So you want to write? That’s good. But, as writers would tell you, writing is not easy. There are many hurdles standing between you and the habit of writing. There’s the challenge of actually making time from your life, sitting down with your computer (or a mobile device) and typing out words.
Ok, so you found the time. Now what should you write about and how to go about it? What tools to use, what topics to explore?
It won’t be an exaggeration to say that somewhere deep inside we all have this urge to pen down our thoughts about things we ponder over. But getting into the habit of doing it is real challenge. And this is exactly what we aim to tackle today. So let’s begin.
What To Write About?
You need content to form a writing habit. To start a blog or a journal or just text files, you’ll first need to find something to write about. The best way to do that is to write about what you like. In doing so, half the battle with motivation is already won.
1. Writing Everyday With 750 Words
750 Words is a minimal private journal writing site where you are prompted to write at least 750 words everyday. You get points for reaching the target and you can unlock badges as you amass points. It can serve as a good motivation tool.
750 words is about the same length as an average article, about three novel pages. All your writing in this app stays private and online. Unless you leave your computer with the website open, the chances of your content leaking out are negligible. The website is minimal with focus on text. There’s also an easy way to export the content if you do want to take your writing public some day.
2. Writing Prompts, Ideas And Help
A. The Write Practice
The Write Practice by Joe Bunting is a blog that helps writers find their voice. At the site, it’s just as much about the community as it is about the writing advice. They have a newsletter that you can have delivered daily or weekly which includes writing prompts and practical advice about writing. This is one of the few email newsletters you’ll actually open everyday.
If you’re not that big on newsletters, subscribe to their RSS feed. At the end of each helpful article, the author suggests a quick writing practice (homework) based on the topic that was discussed. Following that will easily give you couple of hundred words a day to write. Looking for ideas is one of the hardest things about writing (I’d know). With TWP, you can cut down significantly on the wandering around time.
Also see Goins, Writer.
WriterKata is a website that provides you with a new writing exercises every time you visit. The website gives you a dedicated space to practice your writing. The scenario and writing style is described in detail to give your writing a sense of purpose. If you don’t like a scenario or can’t think of anything interesting to write, you can skip it altogether.
C. You Should Write
You Should Write (UPDATE: This tool is not available anymore) offers a more abstract solution to your writing needs. A writing prompt is displayed up top, usually no longer than a couple of words. The rest of the page is a blank canvas for you to build up on.Thankfully a lot of prompts on the website are fun subjects, things that will quickly get the creative juices flowing. The website encourages you to make it to 1876 characters and to share your completed story on the a dedicated subreddit.
D. Subreddits To The Rescue
Speaking of subreddits, there are quite a few ones related to writing.

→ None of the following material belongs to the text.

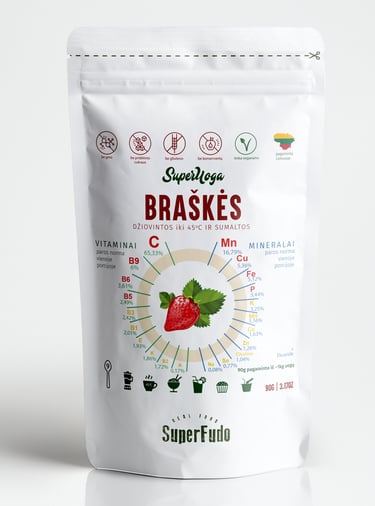 Ekologiški natūralių uogų milteliai labai išpopuliarėjo, nes tai patogus būdas ištisus metus mėgautis maistingų medžiagų turinčiais uogų privalumais. Nors ekologiškų natūralių uogų milteliai turi didelę naudą sveikatai, jų sėkmė labai priklauso nuo apgalvotos pakuotės ir prekės ženklo. Pakuotė išsaugo gaminio vientisumą, o tvirtas prekės ženklas perteikia vertybes ir patikimumą, kurių siekia šiandieniniai sveikata besirūpinantys vartotojai.

You can go to the links below to read up on what other writers are doing, critique their work, ask for advice and seek inspiration. Once you become part of a writing community, the process will become a lot easier.
3. Writing From Mobile Devices
Thanks to modern Android devices, iPhones and iPads, you can write from anywhere. I’ve written an extensive guide on the best ways to write on Android. Here’s the gist: Just get an app like JotterPad X and an advanced keyboard like Ginger Page and you can easily write on the go.
If you prefer iOS devices, you really should check out Day One. It’s a simple journal app that costs $5. You can write what you want, add pictures, geo locations, the music you were listening to and a lot more to a note and it will be backed up permanently to the app’s servers.
There’s also a “publish to web” feature where you can share some notes to the web via a unique link. It’s not really a blog because you can’t find all your posts at one place but it’s close enough.
The best thing about Day One (and other journal apps) is that you can set a daily reminder notification. Tapping on the notification will take you directly to the writing panel where you can start typing away about the day you had or anything really.